“We like to tell people we met in a psych unit. We were both working there at the time. He’s been in the National Guard for nine years, and his unit deploys every five. I spent a month in Zambia awhile back and I remember thinking about the importance of embracing the culture. I’ve approached military life the same way. It has its own culture, and it’s much easier to understand if you jump in with both feet viewing it that way. We’ve been married almost a year now and he just left for an eleven month deployment.
“The day of deployment, I dropped him off at the tiniest airport. About three minutes into our trip there we both started tearing up. We said our goodbyes and I booked it out of the airport. A friend rode with me in the car on the way back, and I cried a lot.
“When I got home, I found he had hidden 20 Post-it notes around the apartment. A friend came over the night he left to watch a movie, and slowly I found my new normal. It’s still hard, crawling into bed by yourself each night, not being able to talk when you want to.

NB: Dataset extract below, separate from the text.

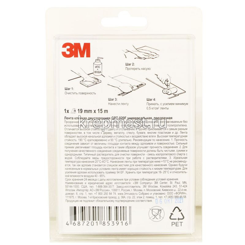 Двусторонняя лента 3М 19 мм х 5 м подходит для применения в различных областях, включая производство бытовой техники, промышленного оборудования, транспортных средств и потребительской электроники, а также изготовление вывесок. Используется для склеивания материалов с высокой поверхностной энергией, а также некоторых материалов с низкой поверхностной энергией (нержавеющая сталь, поликарбонат, алюминий, АБС-пластик, полипропилен и стекло).

“One thing people might not think about is how hard the anticipation of deployment is – at least as difficult as the deployment itself. The time leading up to it is so hard, but I’ve learned more about myself in the last few months than I have in the last several years. We’re all praised to be independent and not need help, and no one wants to feel dependent or needy. But you learn a new level of vulnerable, and what that really means. You learn the importance of regular self-care, and prioritizing it like you would a doctor’s appointment. You learn that it’s not a weakness but a strength to be able to ask for help. And I know that when this deployment is over, I will have an incredible sense of accomplishment.”